Rund 40 Landwirte, Vertriebsexperten und Wissenschaftler informierten sich zum Feldtag in Großkargen bei Meißen zu neuen Ansätzen im ökologischen und konventionellen Pflanzenbau. Foto: HTW Dresden/Burkhard Adam


20.06.2019 Rund 40 Landwirte, Vertriebsexperten und Wissenschaftler informierten sich zum Feldtag in Großkargen bei Meißen zu neuen Ansätzen im ökologischen und konventionellen Pflanzenbau.

Auf den Ackerflächen eines Landwirtschaftsbetriebes zeigten die Wissenschaftlerinnen und Wissenschaftler der Professur Ökologischer Landbau ihre Versuchsergebnisse zum Anbau von Soja, Ackerbohnen, Mais und Sonnenblumen und erläuterten neue Methoden zur herbizidfreien Produktion von Körnerleguminosen. Außerdem stellte Dr. Guido Lux (HTW Dresden) Anbauorte in Deutschland vor, die sich besonders für den Ackerbohnenbau eignen.

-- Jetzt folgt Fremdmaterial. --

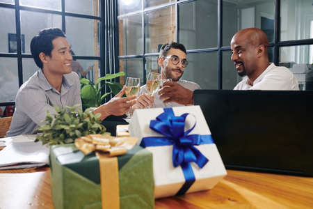 Multiethnic group of business people celebrating success at office party.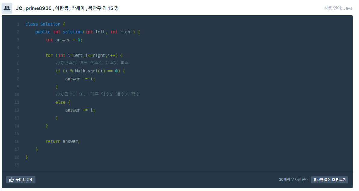7. [JAVA] 프로그래머스 코딩테스트 연습 Level.1 - 약수의 개수와 덧셈 / 다른 사람의 풀이 본문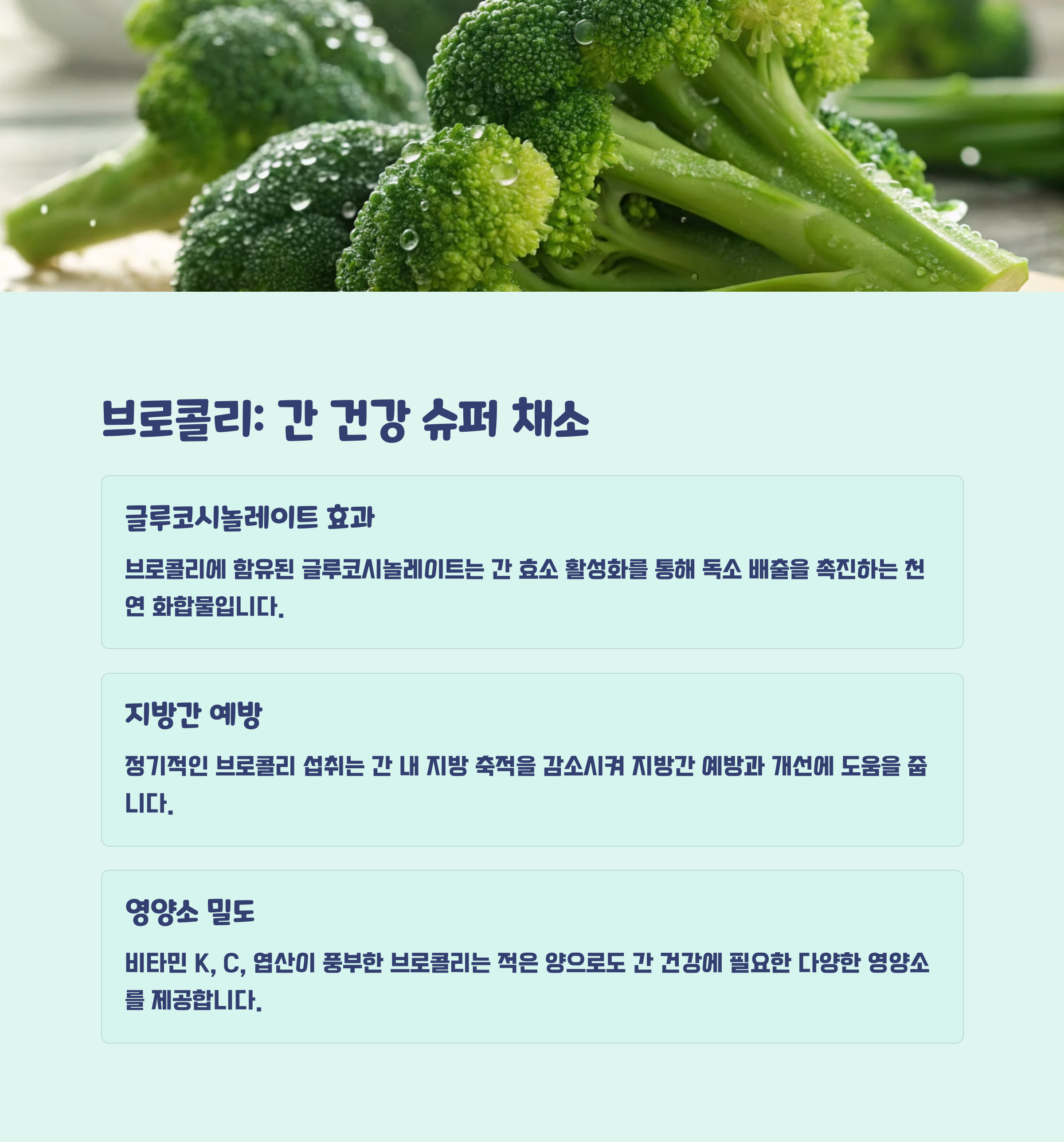 브로콜리는 글루코시놀레이트 성분이 풍부한 십자화과 채소로, 간 해독 효소를 증가시켜 독소 배출을 돕습니다. 이 성분은 항암 작용도 있어 전반적인 건강 증진에 기여합니다. 브로콜리를 포함한 양배추, 콜리플라워 등 배춧과 채소는 지방 흡수를 줄이고 지방간 예방에도 효과적입니다.

Während sich der milde Winter und die Niederschläge im Mai positiv auf den Ackerbohnenbau ausgewirkt haben, führte der kühle und feuchte Mai zu einem verzögerten Auflaufen des Sojabohnen-Saatgutes. Gerade auf kompakten Böden können hohe Niederschläge und kühle Temperaturen die Triebkraft des Soja-Saatgutes mindern. Des Weiteren wurden Projektergebnisse zu Mais in Dammkultur, mechanische Unkrautregulierung bei Sonnenblumen und herbizidfreier Anbau von Körnerleguminosen vorgestellt. Ergänzt wurde die Veranstaltung durch Vorträge von Ulf Müller (Gäa e.V.) und Ulf Jäckel (Landesamt für Umwelt, Landwirtschaft und Geologie), die Informationen zum Sojaanbau in Sachsen lieferten. Die Veränderung der klimatischen Verhältnisse erfordert angepasste Anbaustrategien. So ist zukünftig auch der Anbau neuer Kulturen, wie zum Beispiel der Sojabohne möglich.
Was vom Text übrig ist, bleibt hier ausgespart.